(Supplied data begins)

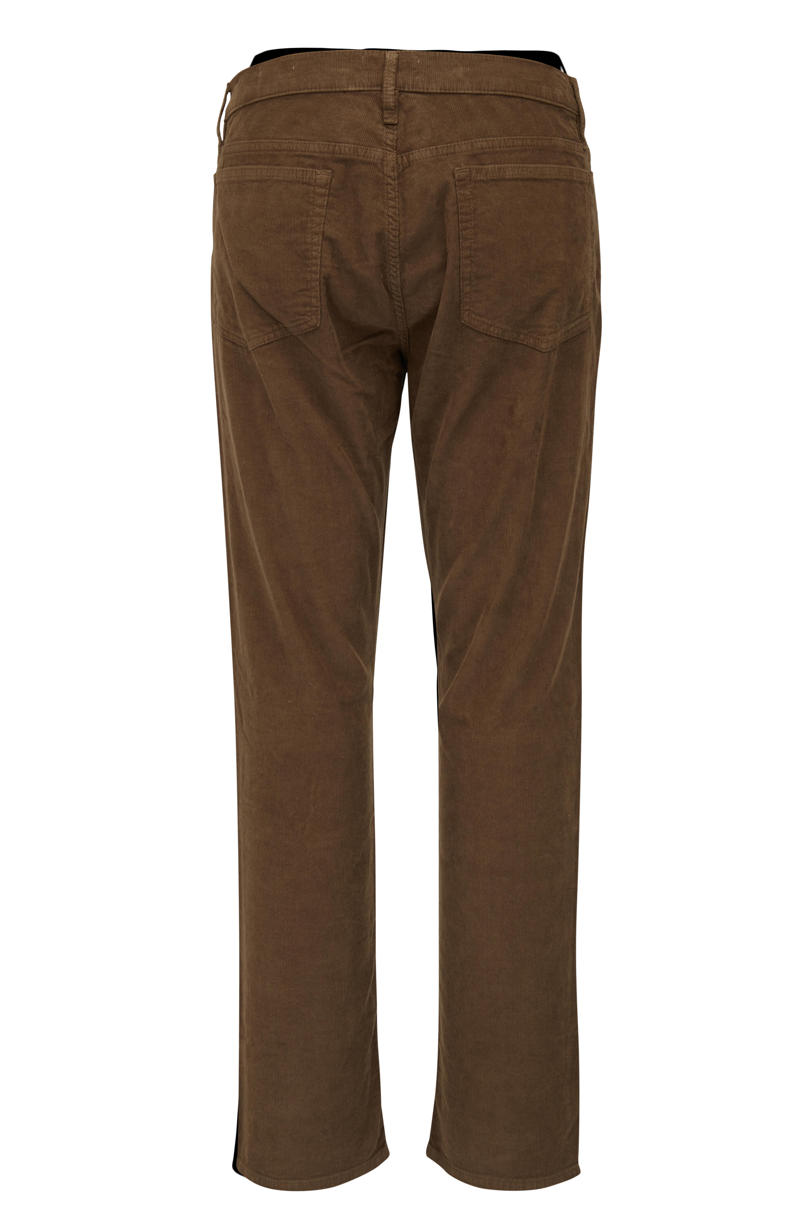 Zip fly; button closure. Five pocket styling. Imported. Slim straight. Standard mid-rise waist. Slight tapering at the hem. 34" inseam. 98% cotton, 2% elastane. Machine wash.
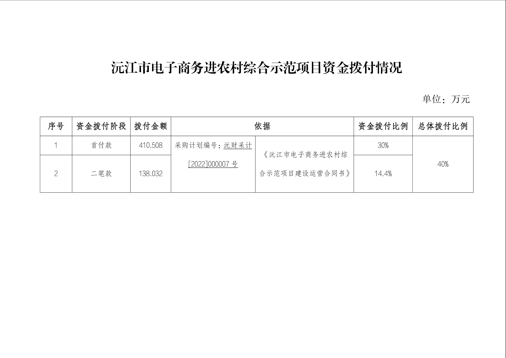 沅江市電子商務進農村綜合示范項目資金撥付情況
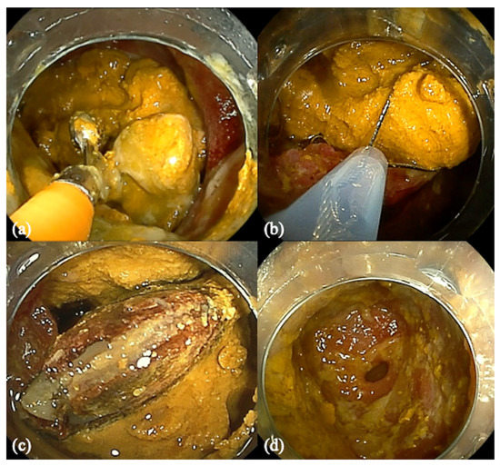 - Kim, H.J.; Moon, J.H.; Choi, H.J.; Koo, H.C.; Park, S.J.; Cheon, Y.K.; Cho, Y.D.; Lee, M.S.; Shin, C.S. Endoscopic removal of an enterolith causing afferent loop syndrome using electrolithotripsy. Dig. Endosc. 2010, 22, 220–222. [Google Scholar] [CrossRef]
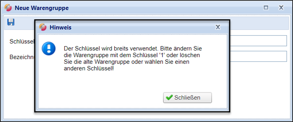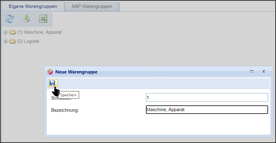 Tragen Sie eine Schlüsselbezeichnung und eine Bezeichnung für die Warengruppe ein und speichern Sie mit dem Disketten-Icon:
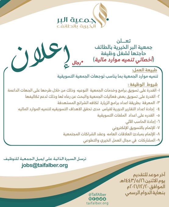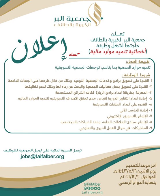 2021-12-19تعلن (جمعية البر الخيرية بالطائف) عبر موقعها الرسمي ( تويتر ) عن توفر وظائف إدارية شاغرة للجنسين للعمل في (الطائف)، واشترطت ان يكون المتقدم سعودي الجنسية، وذلك وفقاً للتفاصيل والشروط الآتية.

(Supplied data ends)

**Task directions:**
The lines to return run from the line containing "- Kim, H.J.;" through the last line of the records. Give them exactly, omitting pictures.

**Worked solution:**
 - Kim, H.J.; Moon, J.H.; Choi, H.J.; Koo, H.C.; Park, S.J.; Cheon, Y.K.; Cho, Y.D.; Lee, M.S.; Shin, C.S. Endoscopic removal of an enterolith causing afferent loop syndrome using electrolithotripsy. Dig. Endosc. 2010, 22, 220–222. [Google Scholar] [CrossRef]
 Tragen Sie eine Schlüsselbezeichnung und eine Bezeichnung für die Warengruppe ein und speichern Sie mit dem Disketten-Icon:
 2021-12-19تعلن (جمعية البر الخيرية بالطائف) عبر موقعها الرسمي ( تويتر ) عن توفر وظائف إدارية شاغرة للجنسين للعمل في (الطائف)، واشترطت ان يكون المتقدم سعودي الجنسية، وذلك وفقاً للتفاصيل والشروط الآتية.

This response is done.